Task goal → All entries need to be written out verbatim, with pictures omitted.

Data records:
▼

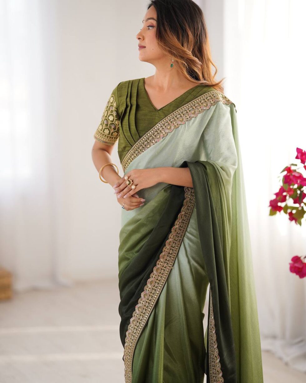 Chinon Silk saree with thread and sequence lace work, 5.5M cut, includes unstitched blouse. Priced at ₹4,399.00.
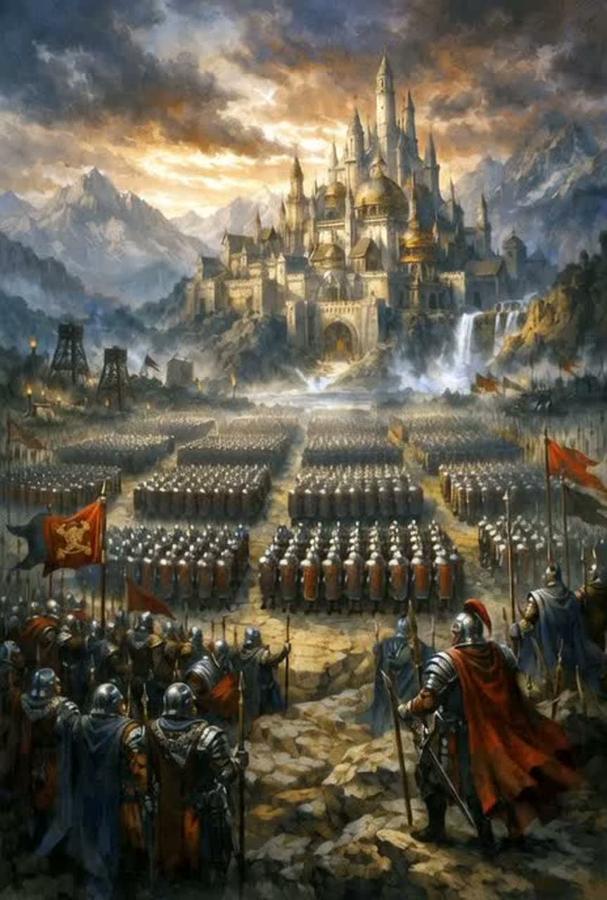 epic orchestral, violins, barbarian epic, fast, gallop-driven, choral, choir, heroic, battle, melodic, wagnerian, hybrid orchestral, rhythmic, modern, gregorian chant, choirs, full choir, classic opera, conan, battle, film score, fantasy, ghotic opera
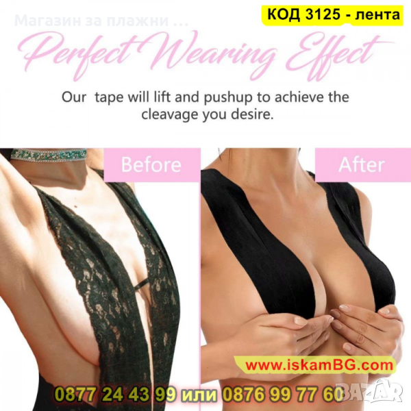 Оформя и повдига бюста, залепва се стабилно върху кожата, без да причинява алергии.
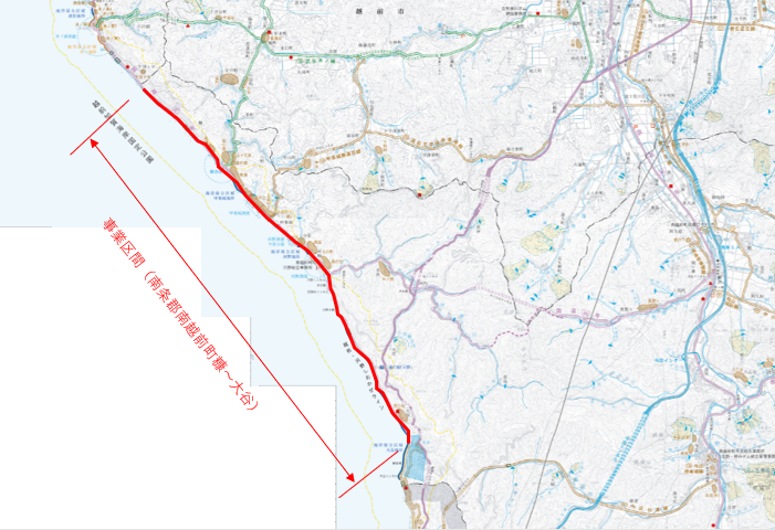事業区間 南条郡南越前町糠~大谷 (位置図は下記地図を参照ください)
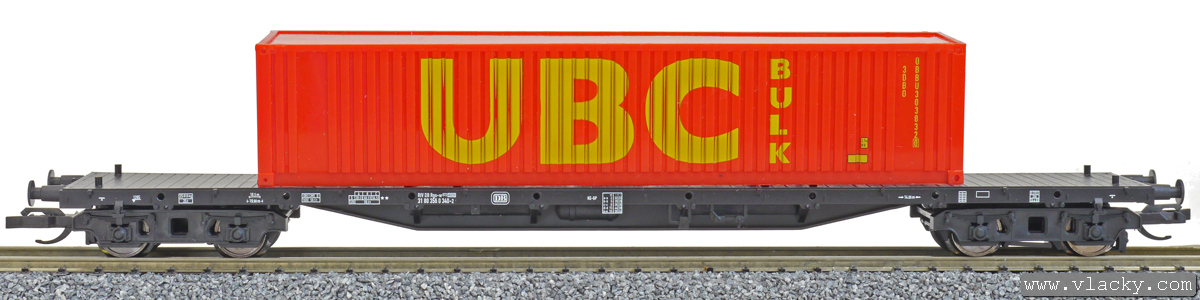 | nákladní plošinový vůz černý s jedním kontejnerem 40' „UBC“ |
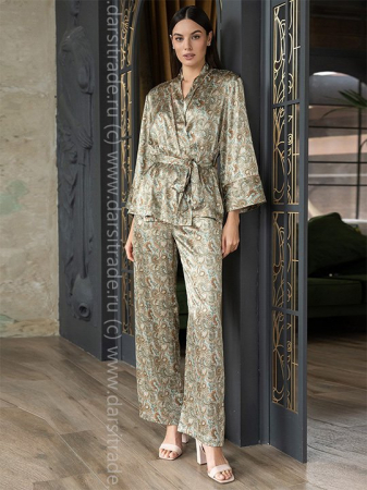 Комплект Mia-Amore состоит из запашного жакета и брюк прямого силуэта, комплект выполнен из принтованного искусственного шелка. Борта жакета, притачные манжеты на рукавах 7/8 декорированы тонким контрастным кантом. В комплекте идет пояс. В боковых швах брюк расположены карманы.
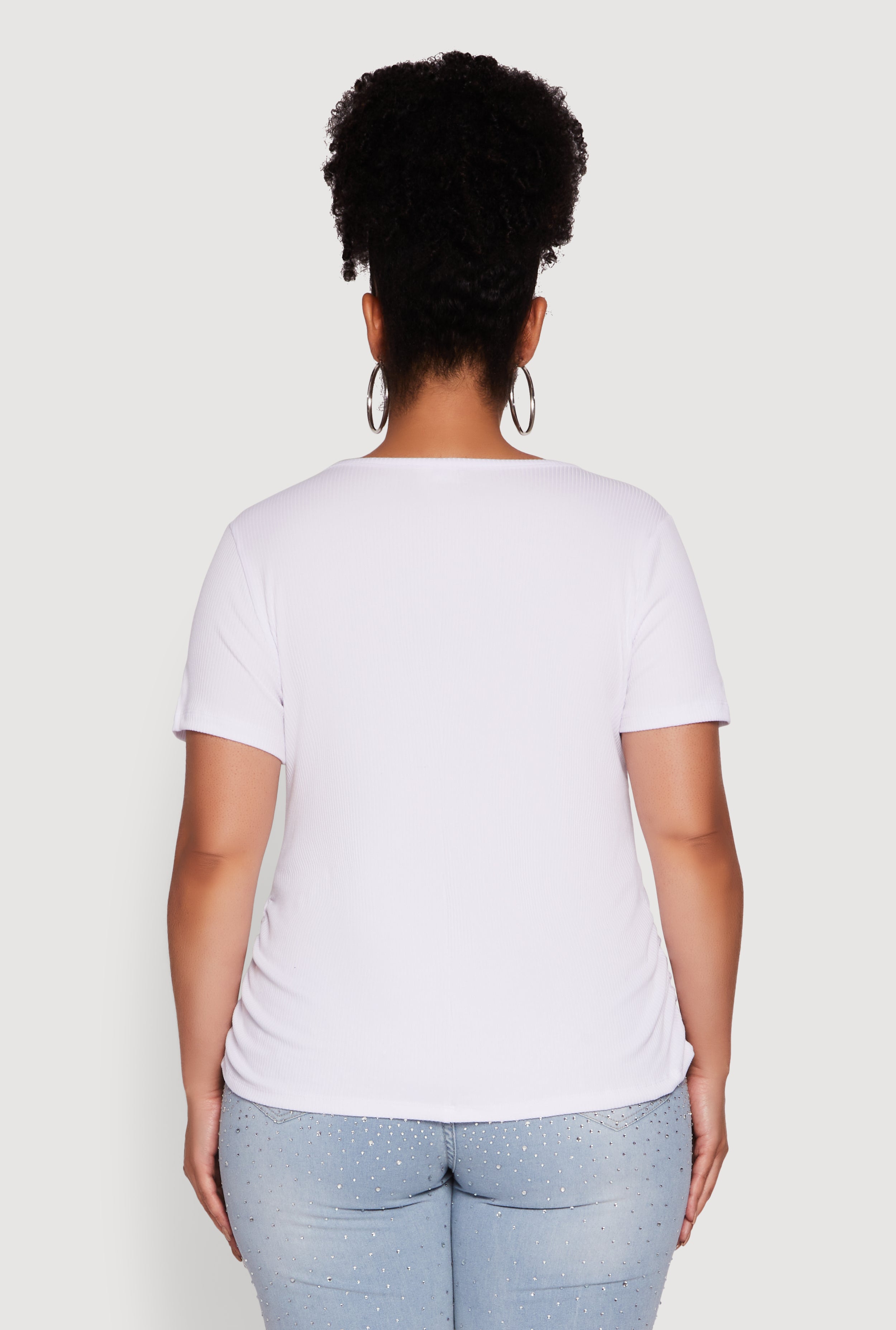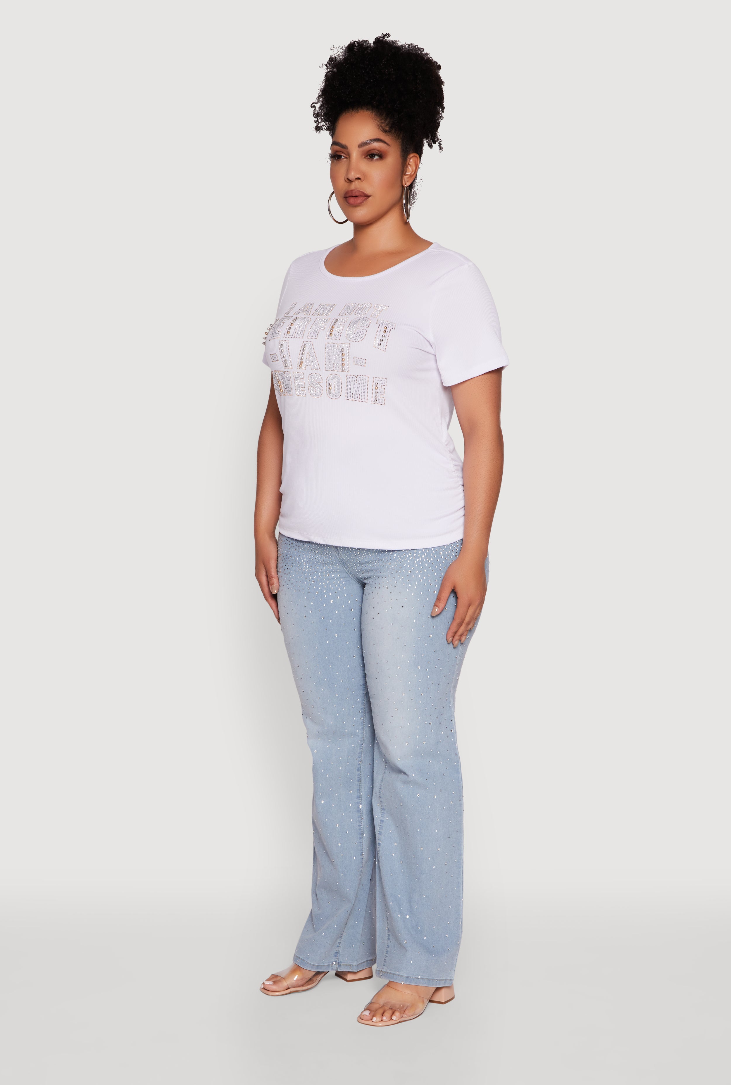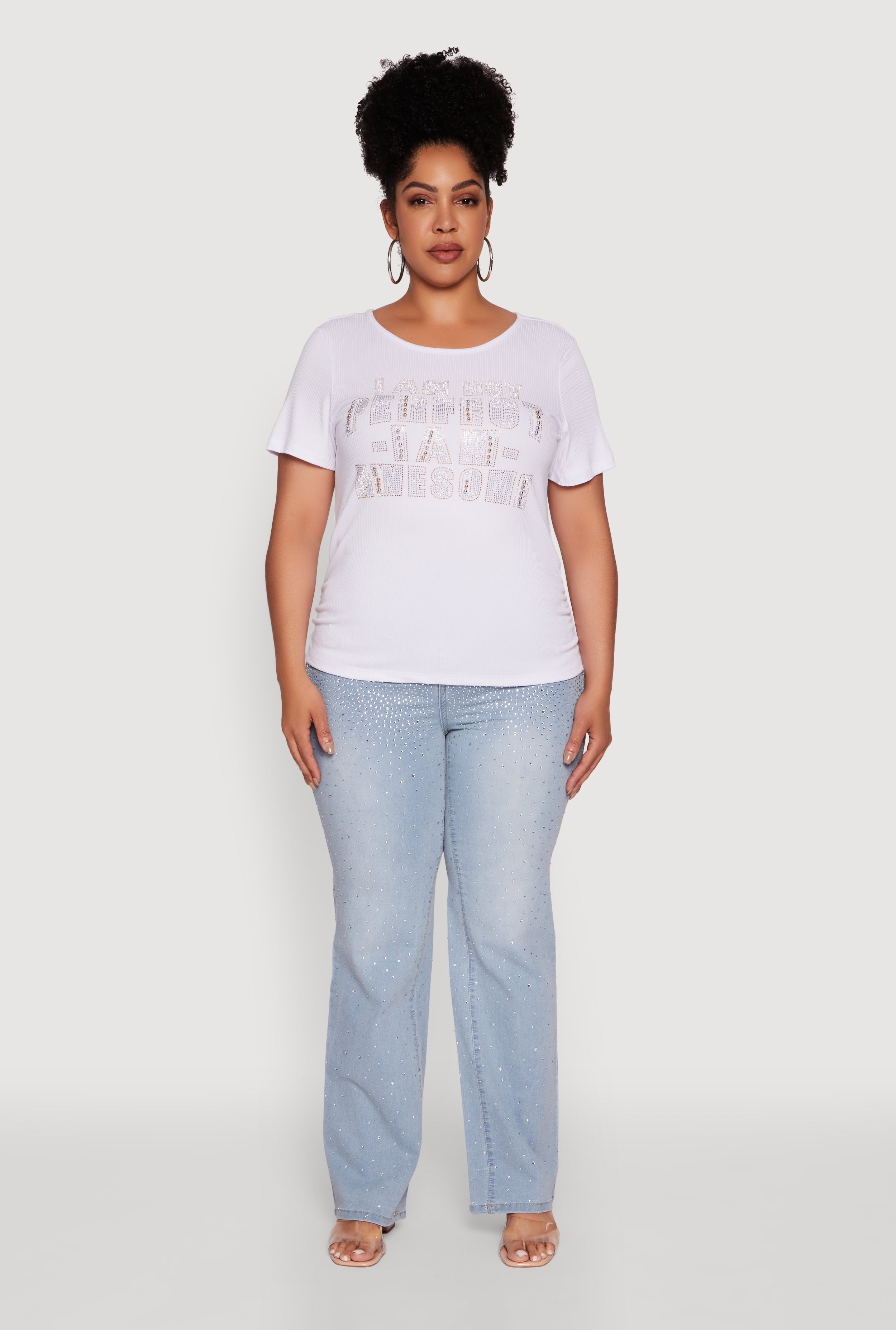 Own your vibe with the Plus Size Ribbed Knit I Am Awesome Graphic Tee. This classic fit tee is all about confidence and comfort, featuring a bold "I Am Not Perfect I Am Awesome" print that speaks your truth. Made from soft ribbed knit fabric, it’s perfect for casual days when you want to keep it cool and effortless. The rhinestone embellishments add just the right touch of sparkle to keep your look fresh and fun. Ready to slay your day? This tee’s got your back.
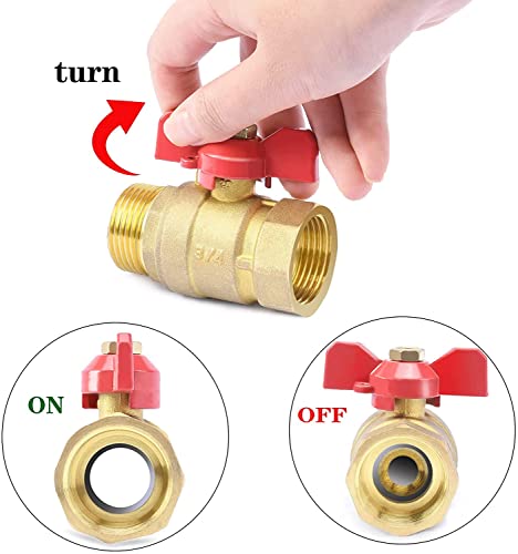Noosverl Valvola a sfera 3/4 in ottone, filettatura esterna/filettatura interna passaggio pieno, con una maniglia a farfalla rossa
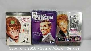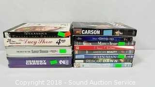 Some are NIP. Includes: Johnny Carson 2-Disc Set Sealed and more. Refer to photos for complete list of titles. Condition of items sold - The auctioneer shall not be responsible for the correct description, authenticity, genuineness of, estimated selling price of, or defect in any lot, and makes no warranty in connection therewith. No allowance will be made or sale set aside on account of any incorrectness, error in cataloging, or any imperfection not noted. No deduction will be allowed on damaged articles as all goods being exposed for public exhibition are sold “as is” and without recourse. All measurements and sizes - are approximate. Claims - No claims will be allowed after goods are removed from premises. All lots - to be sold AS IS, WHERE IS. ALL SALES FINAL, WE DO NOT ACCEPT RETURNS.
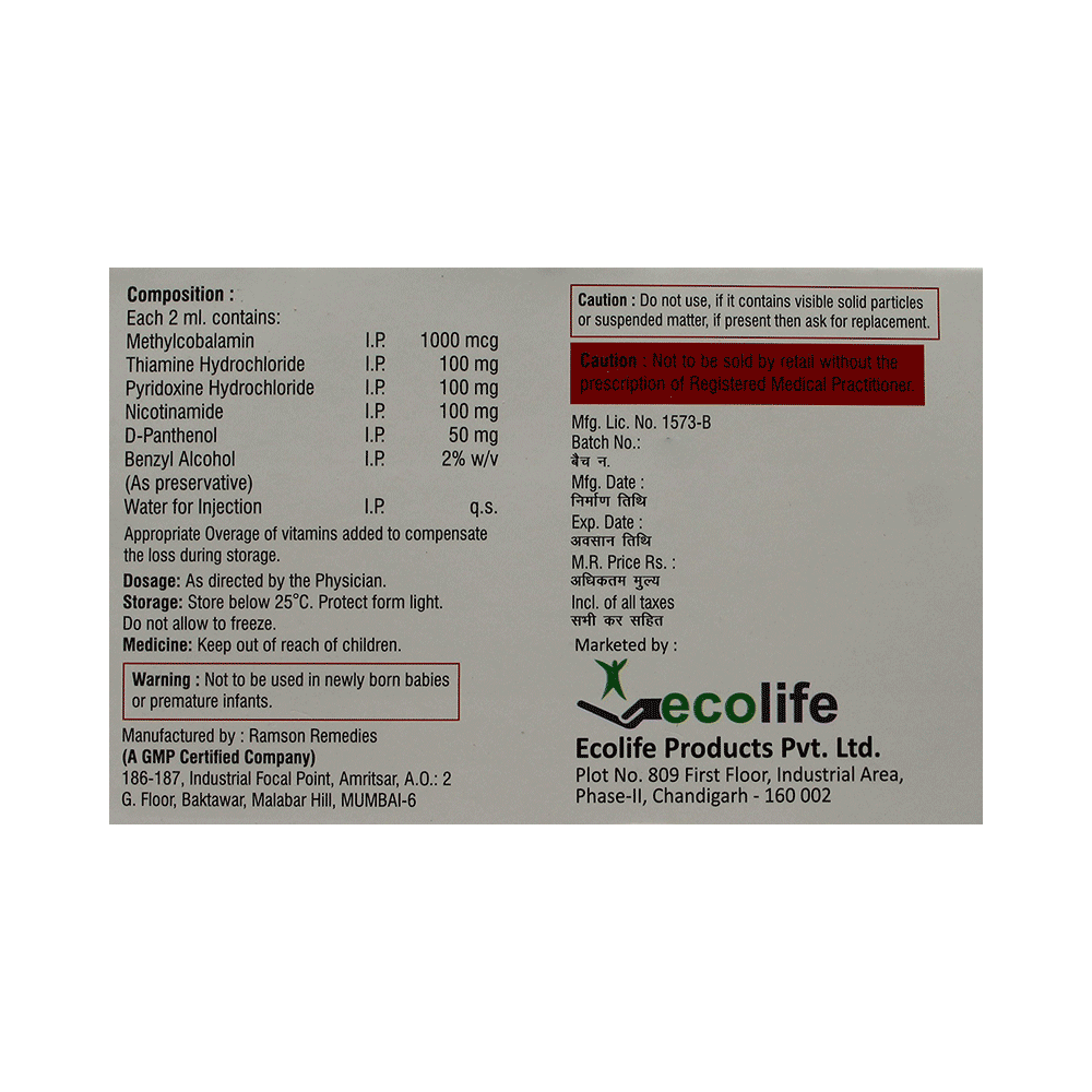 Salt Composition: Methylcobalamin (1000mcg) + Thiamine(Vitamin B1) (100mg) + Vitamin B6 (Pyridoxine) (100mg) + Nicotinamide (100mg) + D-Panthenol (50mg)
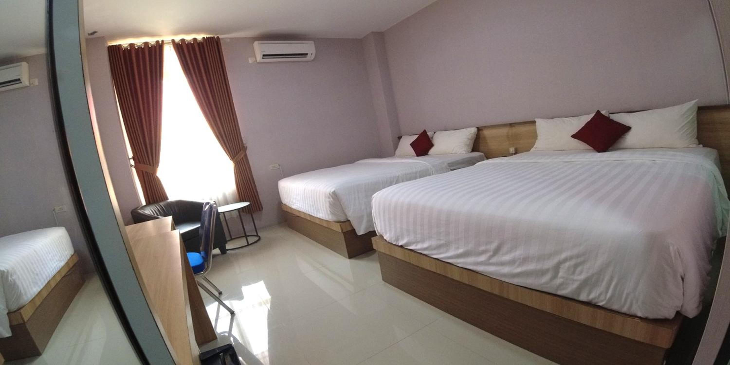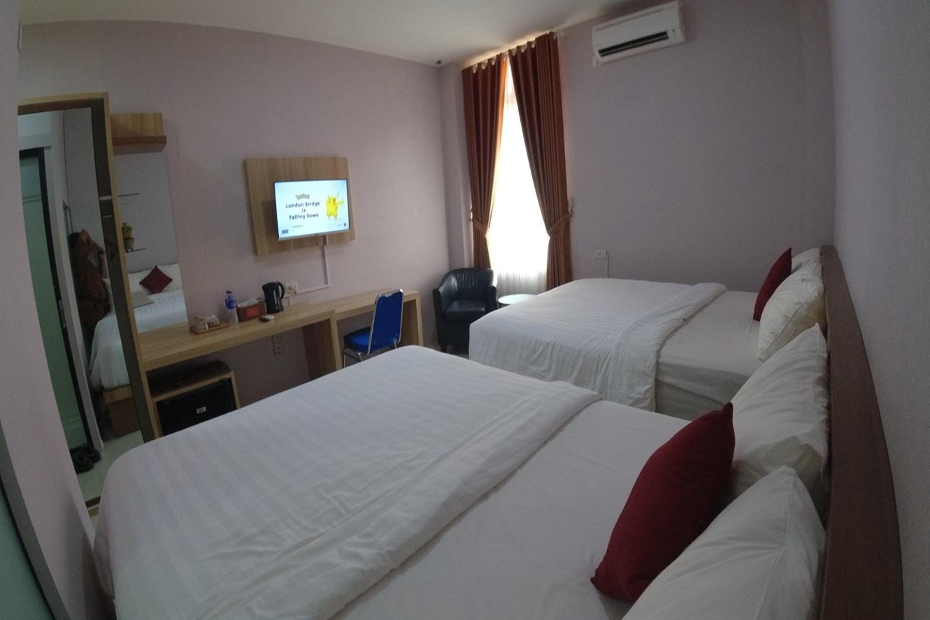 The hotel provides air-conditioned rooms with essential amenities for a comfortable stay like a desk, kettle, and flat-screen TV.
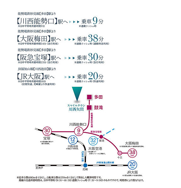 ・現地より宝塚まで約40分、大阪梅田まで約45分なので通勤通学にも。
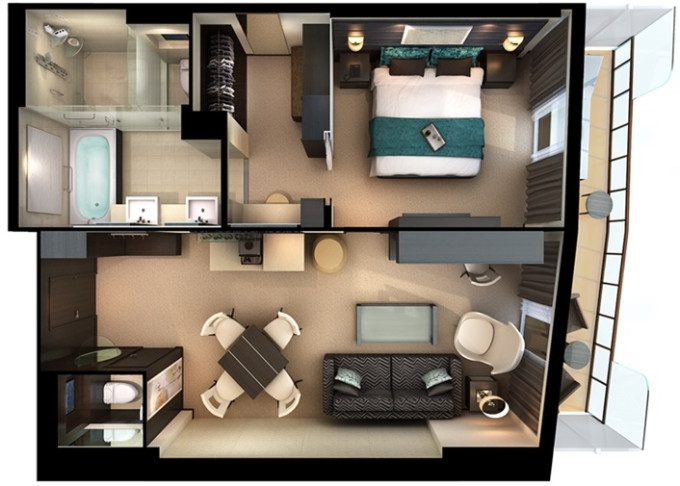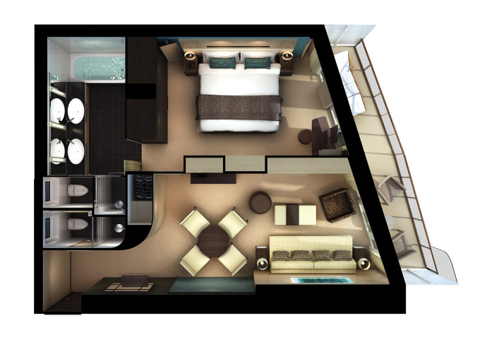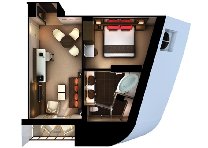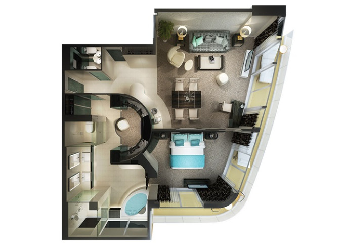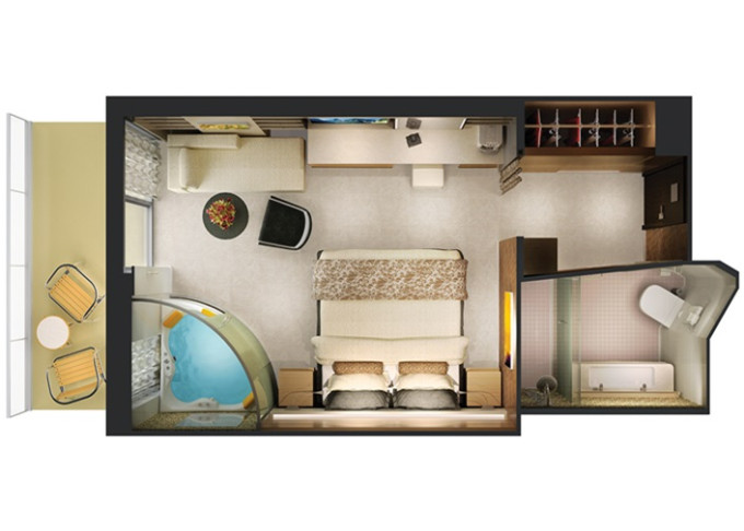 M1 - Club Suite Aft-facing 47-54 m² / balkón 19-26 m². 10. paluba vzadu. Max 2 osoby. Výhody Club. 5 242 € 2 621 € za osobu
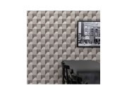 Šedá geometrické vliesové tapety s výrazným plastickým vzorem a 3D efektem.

▲

Answer space →
 Chinon Silk saree with thread and sequence lace work, 5.5M cut, includes unstitched blouse. Priced at ₹4,399.00.
 epic orchestral, violins, barbarian epic, fast, gallop-driven, choral, choir, heroic, battle, melodic, wagnerian, hybrid orchestral, rhythmic, modern, gregorian chant, choirs, full choir, classic opera, conan, battle, film score, fantasy, ghotic opera
 Оформя и повдига бюста, залепва се стабилно върху кожата, без да причинява алергии.
事業区間 南条郡南越前町糠~大谷 (位置図は下記地図を参照ください)
 | nákladní plošinový vůz černý s jedním kontejnerem 40' „UBC“ |
 Комплект Mia-Amore состоит из запашного жакета и брюк прямого силуэта, комплект выполнен из принтованного искусственного шелка. Борта жакета, притачные манжеты на рукавах 7/8 декорированы тонким контрастным кантом. В комплекте идет пояс. В боковых швах брюк расположены карманы.
 Own your vibe with the Plus Size Ribbed Knit I Am Awesome Graphic Tee. This classic fit tee is all about confidence and comfort, featuring a bold "I Am Not Perfect I Am Awesome" print that speaks your truth. Made from soft ribbed knit fabric, it’s perfect for casual days when you want to keep it cool and effortless. The rhinestone embellishments add just the right touch of sparkle to keep your look fresh and fun. Ready to slay your day? This tee’s got your back.
Noosverl Valvola a sfera 3/4 in ottone, filettatura esterna/filettatura interna passaggio pieno, con una maniglia a farfalla rossa
 Some are NIP. Includes: Johnny Carson 2-Disc Set Sealed and more. Refer to photos for complete list of titles. Condition of items sold - The auctioneer shall not be responsible for the correct description, authenticity, genuineness of, estimated selling price of, or defect in any lot, and makes no warranty in connection therewith. No allowance will be made or sale set aside on account of any incorrectness, error in cataloging, or any imperfection not noted. No deduction will be allowed on damaged articles as all goods being exposed for public exhibition are sold “as is” and without recourse. All measurements and sizes - are approximate. Claims - No claims will be allowed after goods are removed from premises. All lots - to be sold AS IS, WHERE IS. ALL SALES FINAL, WE DO NOT ACCEPT RETURNS.
 Salt Composition: Methylcobalamin (1000mcg) + Thiamine(Vitamin B1) (100mg) + Vitamin B6 (Pyridoxine) (100mg) + Nicotinamide (100mg) + D-Panthenol (50mg)
 The hotel provides air-conditioned rooms with essential amenities for a comfortable stay like a desk, kettle, and flat-screen TV.
 ・現地より宝塚まで約40分、大阪梅田まで約45分なので通勤通学にも。
 M1 - Club Suite Aft-facing 47-54 m² / balkón 19-26 m². 10. paluba vzadu. Max 2 osoby. Výhody Club. 5 242 € 2 621 € za osobu
 Šedá geometrické vliesové tapety s výrazným plastickým vzorem a 3D efektem.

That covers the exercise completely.